**Task brief:**
Give the number of lines in the material below that contain the word "This", and nothing else.

**Entries supplied:**
....................
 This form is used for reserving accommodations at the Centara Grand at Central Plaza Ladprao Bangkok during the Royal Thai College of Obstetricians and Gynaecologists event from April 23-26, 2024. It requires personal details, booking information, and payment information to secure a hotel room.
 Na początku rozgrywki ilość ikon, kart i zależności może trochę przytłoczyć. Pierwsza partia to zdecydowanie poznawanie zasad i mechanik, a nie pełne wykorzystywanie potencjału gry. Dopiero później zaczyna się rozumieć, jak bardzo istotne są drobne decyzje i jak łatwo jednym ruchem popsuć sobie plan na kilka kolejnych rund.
....................
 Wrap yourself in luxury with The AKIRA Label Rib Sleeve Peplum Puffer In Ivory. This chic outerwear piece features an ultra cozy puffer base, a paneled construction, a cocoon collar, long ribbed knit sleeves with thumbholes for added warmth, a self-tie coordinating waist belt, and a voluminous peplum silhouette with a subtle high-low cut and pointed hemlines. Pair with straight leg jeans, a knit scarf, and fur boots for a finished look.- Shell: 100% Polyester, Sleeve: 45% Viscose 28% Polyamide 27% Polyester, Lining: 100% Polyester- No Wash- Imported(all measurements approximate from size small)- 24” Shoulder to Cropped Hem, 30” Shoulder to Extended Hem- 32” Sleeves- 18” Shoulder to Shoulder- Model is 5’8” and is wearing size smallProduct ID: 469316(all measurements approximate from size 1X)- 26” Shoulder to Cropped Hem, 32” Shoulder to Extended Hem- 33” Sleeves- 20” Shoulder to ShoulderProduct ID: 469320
....................
**Task answer:**
2